Every year, UNICEF releases the State of the World’s Children report in order to highlight major statistics chronicling the social, economic, educational, and development status of children around the world.  This year’s report also highlights a special section on children’s rights, in honor of the 20th anniversary of the ratification of the Convention on the Rights of the Child (CRC), noting that the CRC has helped contribute to 84% of primary school aged children are now in school, among other achievements.  Even so, UNICEF estimates that 1 billion children still lack access to one or more services essential survival and development (food, water, sanitation, etc.), and in 2008, 8.8 million children worldwide died before their fifth birthday.
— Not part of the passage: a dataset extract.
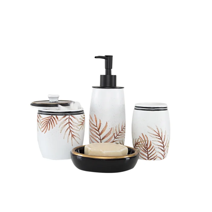 Malzeme: %100 Poliresin İçerik: 1 Adet Sıvı Sabunluk, 1 Adet Katı Sabunluk, 1 Adet Diş Fırçalık, 1 Adet Pamukluk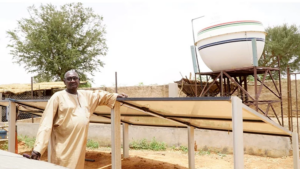 Boubacar Issoufou Alzouma se tient à côté des panneaux solaires. Le système de pompage...

While there is not yet an entire edition of the World Savvy Monitor on Children, nearly every edition of the Monitor has addressed children in some way. Check out the water edition of the World Savvy Monitor for information about how access to water impacts children’s ability to go to school and get an education. Many of the issues covered in the World Savvy Monitor edition on Women also impact children, including conflict, education inequality, and the girl child.

Incorporate lessons about children’s rights into your curriculum, using these resources:  Oxfam Global Education, GC 2000, and UNICEF Voices of Youth.  Or show a film to highlight issues of children’s rights, such Time for School: The Global Education Crisis, detailing the push for universal primary education.